The first strategy, Linstep, is a first-order linear least squares fit method which generates offspring by approximating the structure of the fitness landscape by fitting a hyperplane through O(n) individuals. In Linstep, a gradient descent step is performed on a small number of individuals (1 − 3) using the direction obtained from a cluster of individuals in the immediate vicinity of the fittest individual, which is analogous to a first-order Taylor series expansion. The magnitude of the step is chosen as a fraction of the diameter of the cluster. Linstep is expected to work better in the earlier generations when the best parameter set may be far from a minimum, in which case only a general direction of descent is needed. On the other hand, in later generations, when the population may be closer to a minimum, Linstep could potentially overshoot a minimum basin in a phenomenon known as gradient hemistitching. In fact, Linstep is likely more prone to this issue than traditional gradient descent methods, as the parameter sets that are used to generate the hyperplane approximation may lie on either side of a minimum basin, which would result in a highly inaccurate gradient approximation.

The second strategy, the Newton step is a second-order linear least squares fit method which generates new offspring by approximating the structure of the fitness landscape around the O(n2) individuals around the fittest individual in every generation by a quadric hypersurface. In Newton step, a single iteration of Newton’s method of function optimization is performed by fitting a cluster of individuals to a quadric hypersurface paraboloid in n dimensions. The polynomial coefficients of the paraboloid are then used to construct an approximate Hessian and a new value of the gradient for each individual, which is analogous to a second-order Taylor series expansion. Newton’s step is executed on a handful of individuals (1–3) that were used in the fitting procedure. It is important to note that performing a full Newton’s step (βnewt=1 in Equation 10) takes all individuals considered in the Hessian calculation to the same point in search space. Therefore, this method could either contribute a single individual from a full Newton step or several with varying step sizes. In all of our simulations, we ensured that Newton’s method contributed one individual to the population every generation, Newton’s step is expected to work better in later generations when the algorithm is close to convergence and Newton step could more precisely direct the search to a minimum.
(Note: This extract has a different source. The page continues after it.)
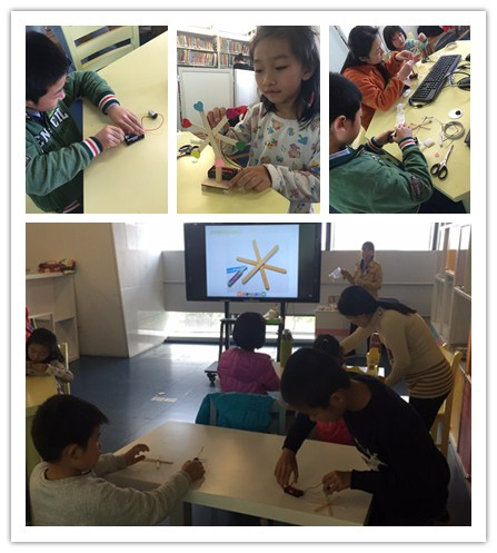 3月26日下午,馆员璐璐姐姐带领小朋友利用木棒、简易电源、小马达、心形装饰等材料,做出了一架架漂亮的彩虹风车。看着自己亲手做的彩虹风车缓缓转动,小朋友们十分开心。

These intelligent search strategies enable ISRES+ to probe the fitness landscape using gradient-based optimization techniques while retaining the advantages of evolutionary strategies.

Since the fitness landscape of complex models in systems biology is expected to be convoluted, we do not expect Linstep and Newton step to make significant contributions in every generation. During the search process, if the evolutionary methods appear to get “stuck,” it will lead to the creation of several individuals within a bubble of small diameter in the n-dimensional parameter space. In such a case, Linstep and Newton step are silenced until a new best-fit individual is found by the stochastic evolutionary methods. Since the landscape is not known beforehand, we perform Linstep and Newton step in every generation, rather than deciding arbitrarily on what criterion of distance qualifies as approximate enough to activate these methods. It is important to note that there is no additional overhead of calculating the gradient or the Hessian, which would require O(n) and O(n2) functional computations, respectively, to construct the approximation. Instead, the fitness landscape that has already been explored is used to get approximate values of the gradient and the Hessian. Thus, the only additional overhead involved is in performing the matrix back-substitution to calculate the parameters characterizing the linear and quadratic equations. The benefit becomes more apparent in complex systems, like that of a systems biology model, wherein the cost of computing the function is significantly higher than the cost of the matrix back-substitution.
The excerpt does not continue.